Ridgemount had smelt it too, even before he’d eased himself off the saddle and wheeled his bike over the pavement, trailer behind it full with potatoes, onions, ten pounds of bruised Bramleys that he was going to simmer down into apple sauce. Honest to God, Ridgemount thought, I knew it. I just knew it. One thing I asked that boy to do, one thing and he can’t even do that. He was sliding the key into the front door lock when Patel came up behind him and spoke his name.

“I don’t want to buy anything from you,” Ridgemount said, “I don’t want anything on credit and right now I can’t stop to discuss the Bible, because my nose tells me there’s a small emergency going on in my house. Now if you’ll excuse me.”

But Patel showed him his warrant card instead.

“I’m sorry,” Ridgemount said, “I have to deal with this first.”

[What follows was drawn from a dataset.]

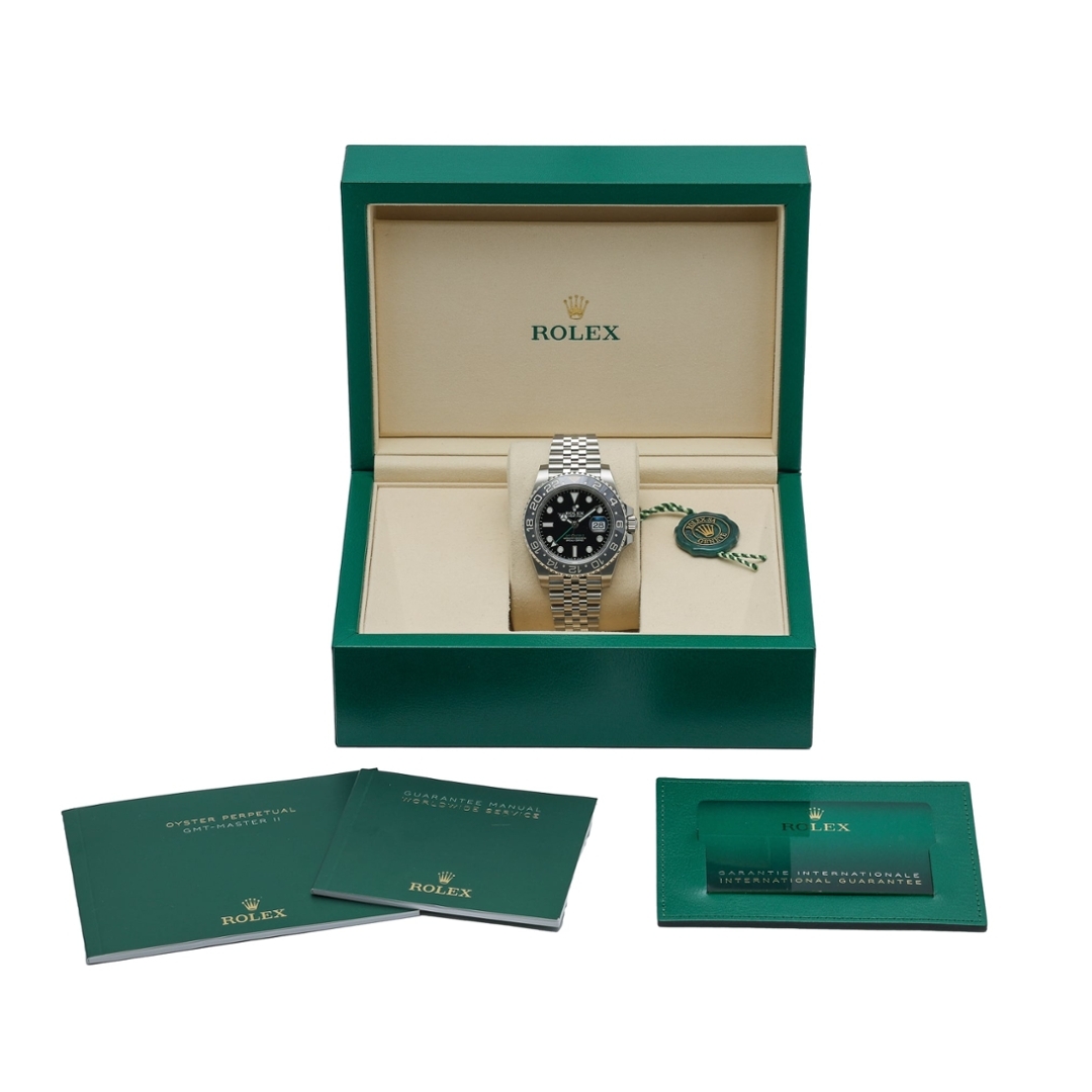 From an investment perspective, newly released stainless steel GMT-Master II references continue to attract significant demand due to limited availability and global waiting lists. The GRNR’s understated colourway enhances long-term desirability. Supplied boxed and certified with original full set paperwork and Rolex manufacturer warranty remaining until 2031, this watch represents a strong modern Rolex investment.

He pushed the door open and left it wide. A man he didn’t recognize was standing half-way up the stairs, Calvin two steps from the bottom with another man right behind him, a hand on Calvin’s arm. Ridgemount stepped across the hall and into the kitchen; the windows were thick with steam and clouds of it had collected over the ceiling and were beginning slowly to descend the walls. He took a tea towel from its hook and bunched it in his hand, turned out the gas and lifted the pan from the stove. What had been a pound and a half of split peas was now a blackened mass crusted across the pan. Between the stove and the sink, the bottom of the saucepan fell out but the peas clung on, welded to the sides.

“Mr. Ridgemount,” said Resnick, who had walked over from his car and followed Patel into the house, “Detective Inspector Resnick. I’d appreciate it if you’d come with these officers to the police station. There are some questions we’d like to ask you.”

“Dad?” said Calvin from the hallway.

“These questions,” Ridgemount said. “What are they about?”

“Oh,” Resnick said, “I think you know.”

Ridgemount looked past Resnick to where Calvin was standing, Divine and Naylor at either side of him, Naylor still holding his arm.

“Let my son go,” Ridgemount said.

Resnick looked questioningly towards Naylor. “Possession of an illegal substance, sir. Namely, marijuana. Possession of stolen goods.”